▸ DIRECTIONS FOR THIS TASK
Line by line, give the data again exactly as it appears, but without pictures.

THE DATA START

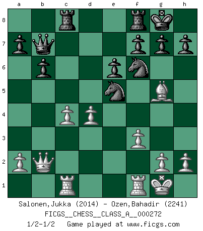 Last move : 1/2-1/2 2023 September 5 14:30:54 [Event "FICGS__CHESS__CLASS_A__000272"] [Site "FICGS"] [Date "2023.08.10"] [Round "1"] [White "Salonen,Jukka"] [Black "Ozen,Bahadir"] [Result "1/2-1/2"] [WhiteElo "2014"] [BlackElo "2241"] 1.d4 Nf6 2.c4 e6 3.Nf3 d5 4.Nc3 Bb4 5.e3 O-O 6.Bd3 dxc4 7.Bxc4 c5 8.O-O cxd4 9.exd4 b6 10.Qb3 Bxc3 11.bxc3 Nc6 12.Bd3 Bb7 13.Qb1 Rc8 14.Bd2 Nb8 15.Ne5 Qd5 16.f3 Ba6 17.Bxa6 Nxa6 18.Qb2 Nb8 19.c4 Qb7 20.Rac1 Nc6 21.Bg5 Nxe5 1/2-1/2 Follow this game move after move (download)Every Chess master was once a beginner. (Chernev) Den Ruhm habe ich schon, jetzt brauche ich noch das Geld. (Wilhelm Steinitz) Hasta este punto, las blancas han seguido un análisis bien conocido. Pero ahora el hace un error fatal: empieza a usar su propia cabeza. (Siegbert Tarrasch) On peut tirer plus d'utilité d'une partie perdue que de 100 parties gagnées. (Capablanca) There are two major products that came out of Berkeley: LSD and UNIX. We do not believe this is to be a coincidence. (Jeremy S. Anderson)
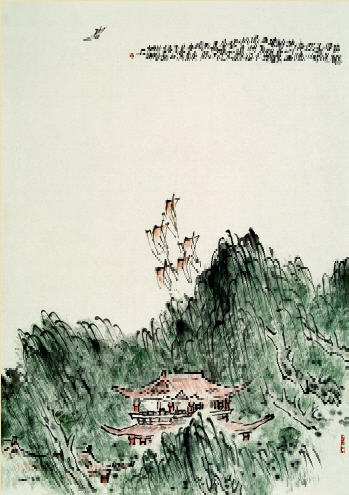 【唐】李白 故人西辞黄鹤楼,烟花三月下扬州。 孤帆远影碧空尽,唯见长江天际流。 ![]() 黄鹤楼送孟浩然之广陵诗意图 【诗文解释】 1 老朋友在西面的黄鹤楼与我辞别,在三月份烟雾迷漫、繁花似锦的春天去扬州。孤船的帆影渐渐远去消失在碧空的尽头,只看见长江浩浩荡荡地向天边流去。 2 我和我的老朋友孟浩然告别在那西边的黄鹤楼,阳春三月,柳絮如烟,他独自东下去往扬州。孤帆渐行渐远,消逝在水天尽头,只留下滔滔江水向东边流去。 【诗文赏析】 李白与孟浩然的交往,是在他刚出四川不久,正当年轻快意的时候,他眼里的世界,还几乎像黄金般美好。比李白大十多岁的孟浩然,这时已经诗名满天下。诗人送友人远行,对老朋友要去繁华的扬州充满了羡慕,诗中洋溢着欢快的情绪。诗人在江边极目远送,可见两人友情的深厚。全诗自然清丽、境界开阔、形象传神。
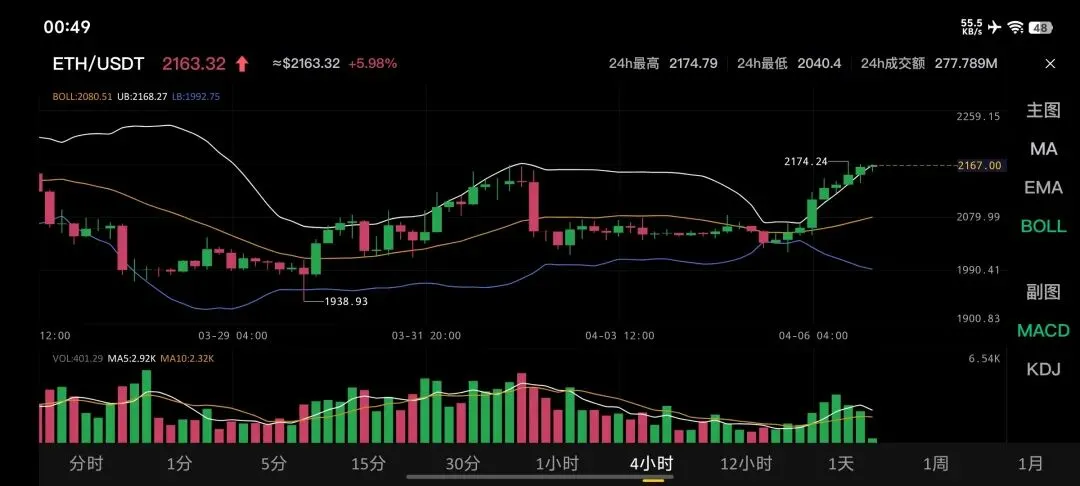 2026年4月7日eth行情操作建议,当前价格约 **$2,163**,24小时涨幅 **+5.98%**,高点 $2,174.79,低点 $2,040.4。价格已接近布林带上轨($2,168.27),与比特币走势类似,但ETH涨幅更大。
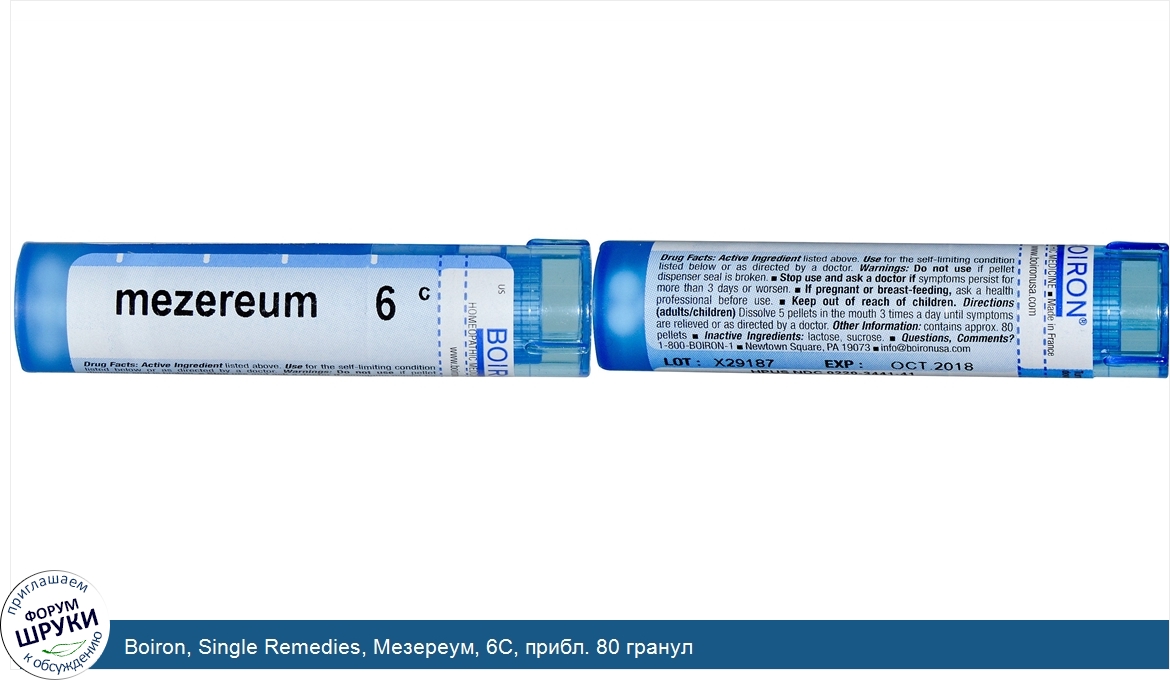 ru Boiron, Single Remedies, Мезереум, 6С, прибл. 80 гранул
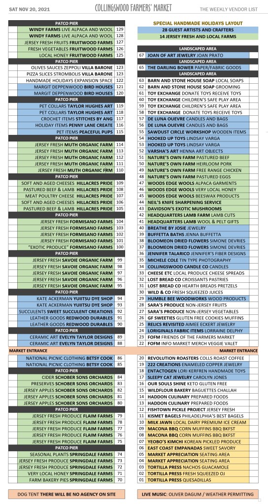 Welcome Artists and Crafters. We’re delighted to host you for the 2021 Handmade Holidays event at the Collingswood Farmers’ Market.
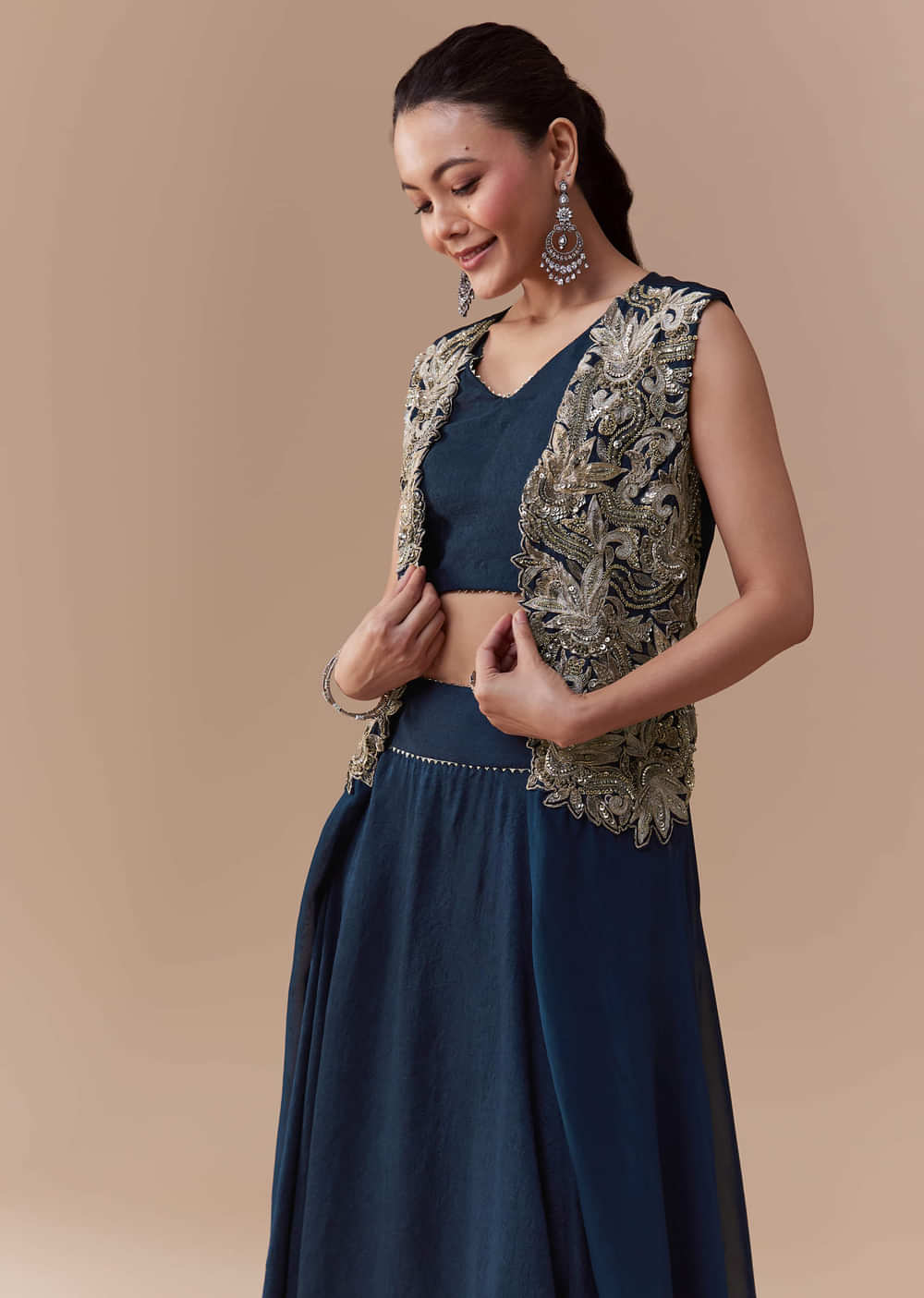 Step into refined elegance with this navy blue silk crop top and skirt set, paired with a stunning jacket adorned with intricate zari, sequin, and bead work. The luxurious silk fabric drapes beautifully, while the embellished jacket adds a touch of opulence and festive charm. Perfect for weddings, receptions, or evening events, this ensemble effortlessly combines tradition with contemporary sophistication. Awarded as the Most Trusted Brand, we're delivering styles you love, just as promised.

THE DATA END

▸ COMPLETED EXERCISE
 Last move : 1/2-1/2 2023 September 5 14:30:54 [Event "FICGS__CHESS__CLASS_A__000272"] [Site "FICGS"] [Date "2023.08.10"] [Round "1"] [White "Salonen,Jukka"] [Black "Ozen,Bahadir"] [Result "1/2-1/2"] [WhiteElo "2014"] [BlackElo "2241"] 1.d4 Nf6 2.c4 e6 3.Nf3 d5 4.Nc3 Bb4 5.e3 O-O 6.Bd3 dxc4 7.Bxc4 c5 8.O-O cxd4 9.exd4 b6 10.Qb3 Bxc3 11.bxc3 Nc6 12.Bd3 Bb7 13.Qb1 Rc8 14.Bd2 Nb8 15.Ne5 Qd5 16.f3 Ba6 17.Bxa6 Nxa6 18.Qb2 Nb8 19.c4 Qb7 20.Rac1 Nc6 21.Bg5 Nxe5 1/2-1/2 Follow this game move after move (download)Every Chess master was once a beginner. (Chernev) Den Ruhm habe ich schon, jetzt brauche ich noch das Geld. (Wilhelm Steinitz) Hasta este punto, las blancas han seguido un análisis bien conocido. Pero ahora el hace un error fatal: empieza a usar su propia cabeza. (Siegbert Tarrasch) On peut tirer plus d'utilité d'une partie perdue que de 100 parties gagnées. (Capablanca) There are two major products that came out of Berkeley: LSD and UNIX. We do not believe this is to be a coincidence. (Jeremy S. Anderson)
 【唐】李白 故人西辞黄鹤楼,烟花三月下扬州。 孤帆远影碧空尽,唯见长江天际流。 ![]() 黄鹤楼送孟浩然之广陵诗意图 【诗文解释】 1 老朋友在西面的黄鹤楼与我辞别,在三月份烟雾迷漫、繁花似锦的春天去扬州。孤船的帆影渐渐远去消失在碧空的尽头,只看见长江浩浩荡荡地向天边流去。 2 我和我的老朋友孟浩然告别在那西边的黄鹤楼,阳春三月,柳絮如烟,他独自东下去往扬州。孤帆渐行渐远,消逝在水天尽头,只留下滔滔江水向东边流去。 【诗文赏析】 李白与孟浩然的交往,是在他刚出四川不久,正当年轻快意的时候,他眼里的世界,还几乎像黄金般美好。比李白大十多岁的孟浩然,这时已经诗名满天下。诗人送友人远行,对老朋友要去繁华的扬州充满了羡慕,诗中洋溢着欢快的情绪。诗人在江边极目远送,可见两人友情的深厚。全诗自然清丽、境界开阔、形象传神。
 2026年4月7日eth行情操作建议,当前价格约 **$2,163**,24小时涨幅 **+5.98%**,高点 $2,174.79,低点 $2,040.4。价格已接近布林带上轨($2,168.27),与比特币走势类似,但ETH涨幅更大。
 ru Boiron, Single Remedies, Мезереум, 6С, прибл. 80 гранул
 Welcome Artists and Crafters. We’re delighted to host you for the 2021 Handmade Holidays event at the Collingswood Farmers’ Market.
 Step into refined elegance with this navy blue silk crop top and skirt set, paired with a stunning jacket adorned with intricate zari, sequin, and bead work. The luxurious silk fabric drapes beautifully, while the embellished jacket adds a touch of opulence and festive charm. Perfect for weddings, receptions, or evening events, this ensemble effortlessly combines tradition with contemporary sophistication. Awarded as the Most Trusted Brand, we're delivering styles you love, just as promised.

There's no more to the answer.